> _ACTIVITY_: Return every line below as is, leaving out the pictures.

[[ EXCERPTED DATA open ]]

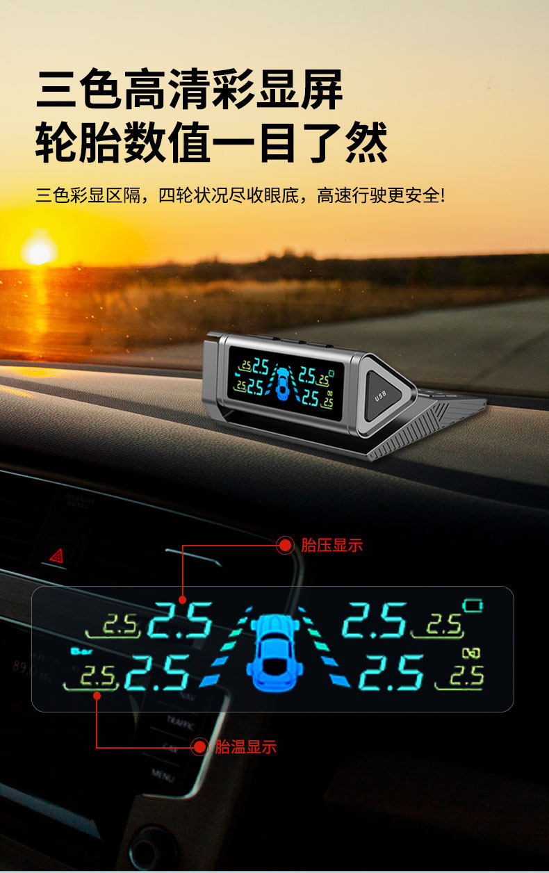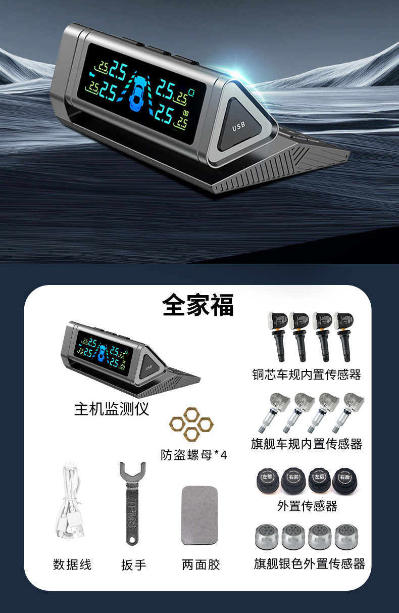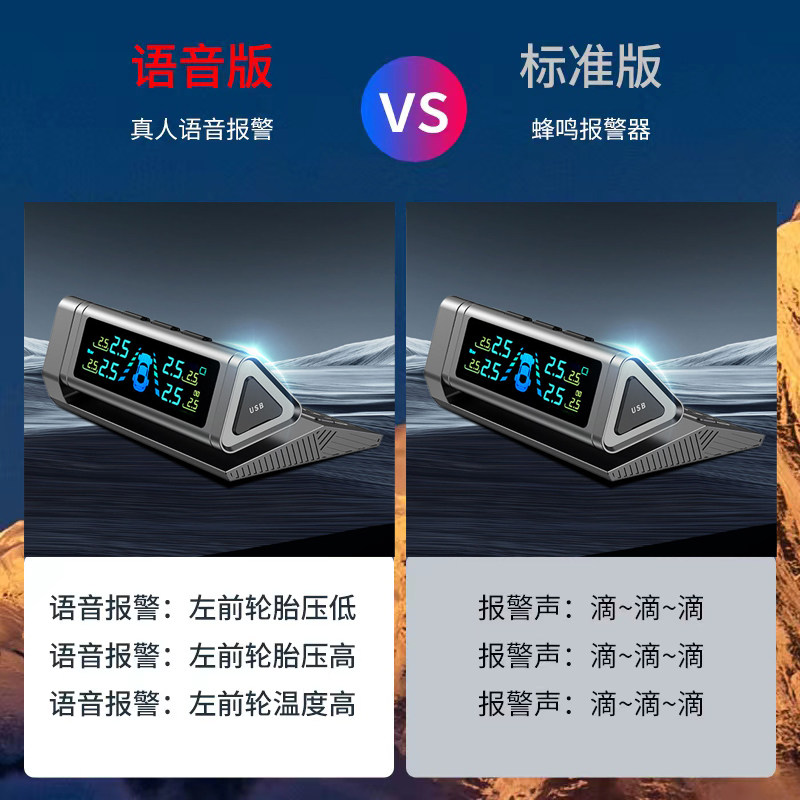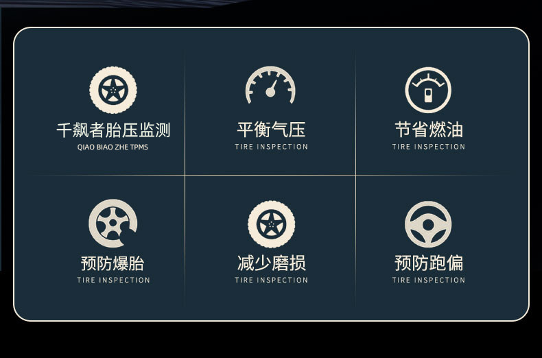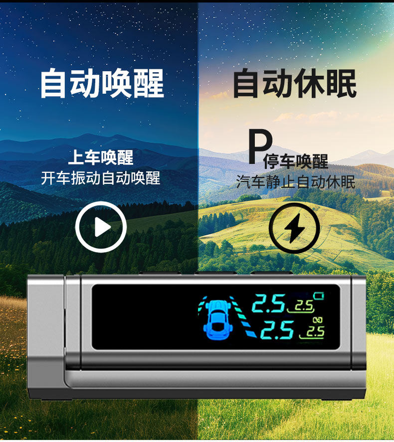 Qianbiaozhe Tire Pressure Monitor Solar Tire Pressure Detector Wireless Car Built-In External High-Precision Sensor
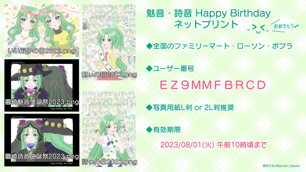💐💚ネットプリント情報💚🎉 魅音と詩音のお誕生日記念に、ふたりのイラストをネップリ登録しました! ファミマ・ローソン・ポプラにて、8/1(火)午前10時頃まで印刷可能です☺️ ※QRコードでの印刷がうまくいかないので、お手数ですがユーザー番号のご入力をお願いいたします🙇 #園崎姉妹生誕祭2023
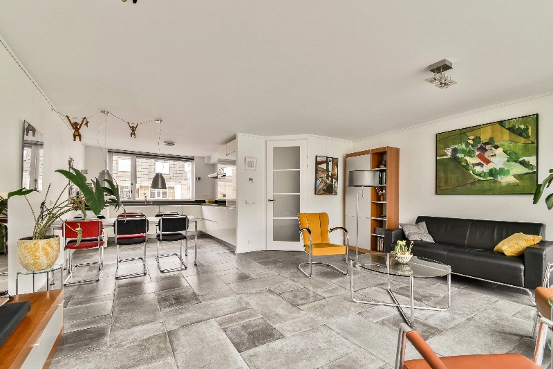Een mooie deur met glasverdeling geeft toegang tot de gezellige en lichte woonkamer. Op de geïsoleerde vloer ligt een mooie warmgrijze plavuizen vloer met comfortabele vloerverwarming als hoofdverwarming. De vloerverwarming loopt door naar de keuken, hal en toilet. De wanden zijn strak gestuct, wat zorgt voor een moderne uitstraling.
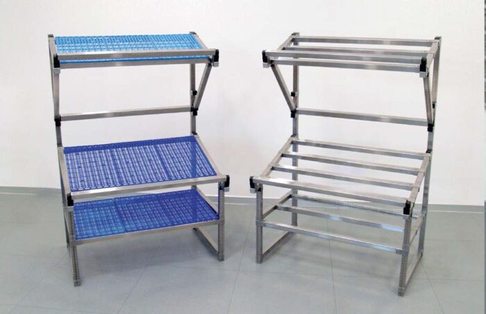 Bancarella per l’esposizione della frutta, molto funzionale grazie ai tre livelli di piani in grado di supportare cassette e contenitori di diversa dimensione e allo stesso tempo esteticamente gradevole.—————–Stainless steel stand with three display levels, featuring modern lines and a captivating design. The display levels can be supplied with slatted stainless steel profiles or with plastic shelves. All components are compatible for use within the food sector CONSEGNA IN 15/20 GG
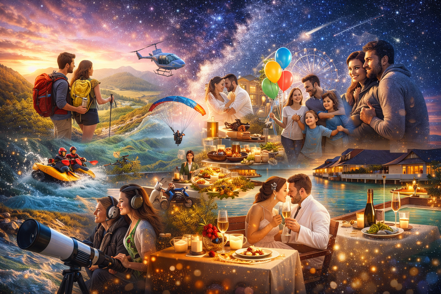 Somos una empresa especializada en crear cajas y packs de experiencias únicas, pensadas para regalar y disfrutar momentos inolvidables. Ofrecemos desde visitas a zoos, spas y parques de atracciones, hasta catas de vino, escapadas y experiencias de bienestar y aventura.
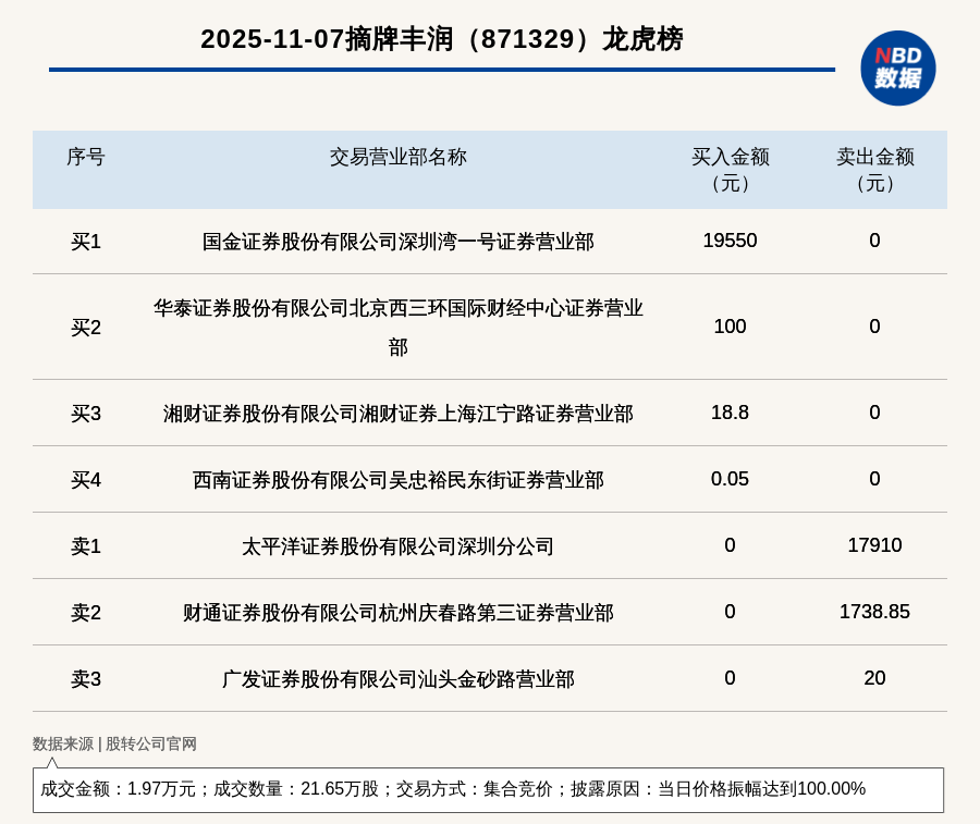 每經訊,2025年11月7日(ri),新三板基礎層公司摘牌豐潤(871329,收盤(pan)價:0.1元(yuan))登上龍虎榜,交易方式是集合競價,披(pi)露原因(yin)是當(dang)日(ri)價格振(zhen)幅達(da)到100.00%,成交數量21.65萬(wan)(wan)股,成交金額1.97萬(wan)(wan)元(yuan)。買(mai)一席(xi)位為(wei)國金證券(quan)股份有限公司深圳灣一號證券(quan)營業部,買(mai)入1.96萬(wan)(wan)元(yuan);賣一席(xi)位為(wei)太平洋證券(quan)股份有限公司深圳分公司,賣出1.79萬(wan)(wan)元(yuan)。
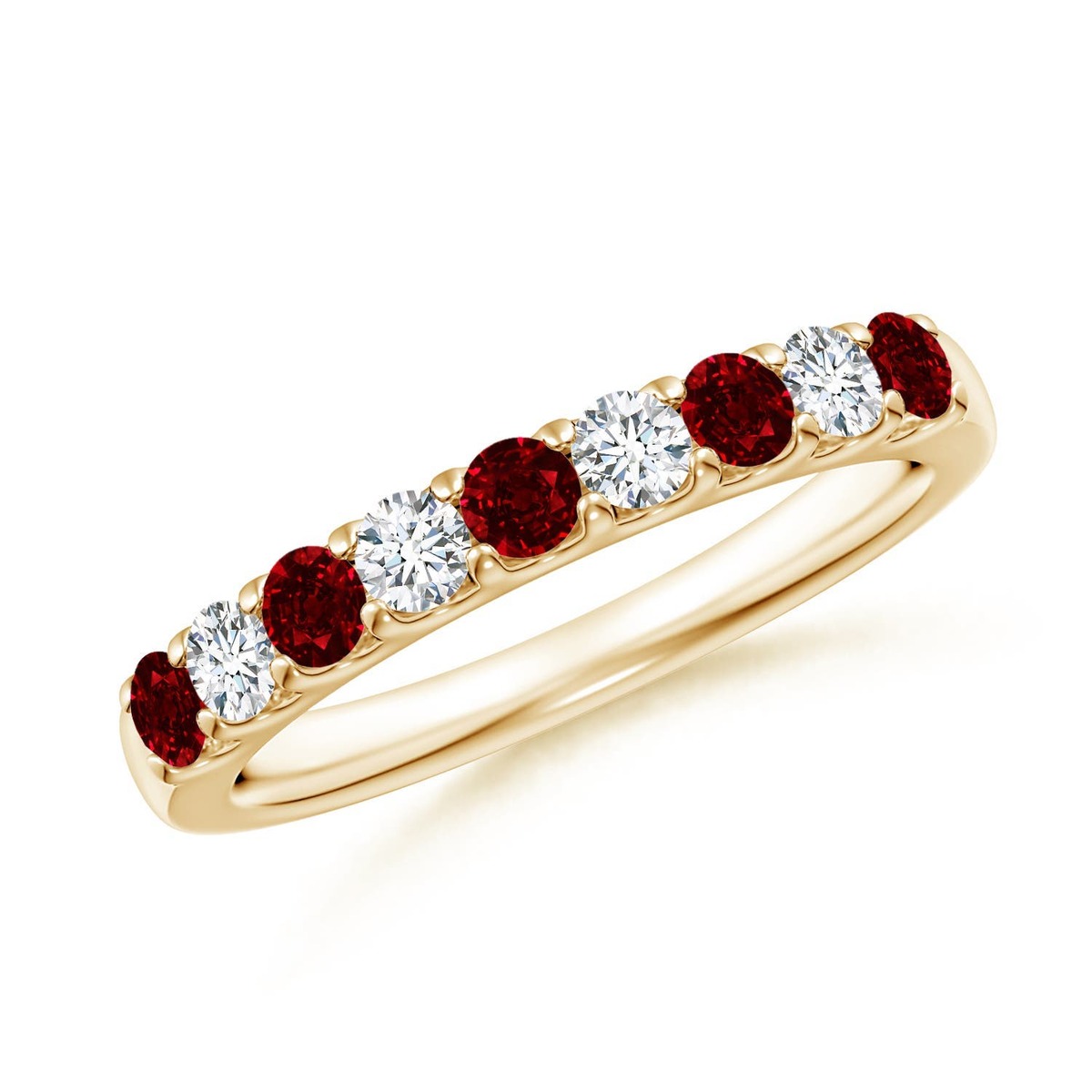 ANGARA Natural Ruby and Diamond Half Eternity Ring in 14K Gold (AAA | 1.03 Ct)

[[ EXCERPTED DATA closed ]]

> _WORKED SOLUTION_:
 Qianbiaozhe Tire Pressure Monitor Solar Tire Pressure Detector Wireless Car Built-In External High-Precision Sensor
💐💚ネットプリント情報💚🎉 魅音と詩音のお誕生日記念に、ふたりのイラストをネップリ登録しました! ファミマ・ローソン・ポプラにて、8/1(火)午前10時頃まで印刷可能です☺️ ※QRコードでの印刷がうまくいかないので、お手数ですがユーザー番号のご入力をお願いいたします🙇 #園崎姉妹生誕祭2023
Een mooie deur met glasverdeling geeft toegang tot de gezellige en lichte woonkamer. Op de geïsoleerde vloer ligt een mooie warmgrijze plavuizen vloer met comfortabele vloerverwarming als hoofdverwarming. De vloerverwarming loopt door naar de keuken, hal en toilet. De wanden zijn strak gestuct, wat zorgt voor een moderne uitstraling.
 Bancarella per l’esposizione della frutta, molto funzionale grazie ai tre livelli di piani in grado di supportare cassette e contenitori di diversa dimensione e allo stesso tempo esteticamente gradevole.—————–Stainless steel stand with three display levels, featuring modern lines and a captivating design. The display levels can be supplied with slatted stainless steel profiles or with plastic shelves. All components are compatible for use within the food sector CONSEGNA IN 15/20 GG
 Somos una empresa especializada en crear cajas y packs de experiencias únicas, pensadas para regalar y disfrutar momentos inolvidables. Ofrecemos desde visitas a zoos, spas y parques de atracciones, hasta catas de vino, escapadas y experiencias de bienestar y aventura.
 每經訊,2025年11月7日(ri),新三板基礎層公司摘牌豐潤(871329,收盤(pan)價:0.1元(yuan))登上龍虎榜,交易方式是集合競價,披(pi)露原因(yin)是當(dang)日(ri)價格振(zhen)幅達(da)到100.00%,成交數量21.65萬(wan)(wan)股,成交金額1.97萬(wan)(wan)元(yuan)。買(mai)一席(xi)位為(wei)國金證券(quan)股份有限公司深圳灣一號證券(quan)營業部,買(mai)入1.96萬(wan)(wan)元(yuan);賣一席(xi)位為(wei)太平洋證券(quan)股份有限公司深圳分公司,賣出1.79萬(wan)(wan)元(yuan)。
 ANGARA Natural Ruby and Diamond Half Eternity Ring in 14K Gold (AAA | 1.03 Ct)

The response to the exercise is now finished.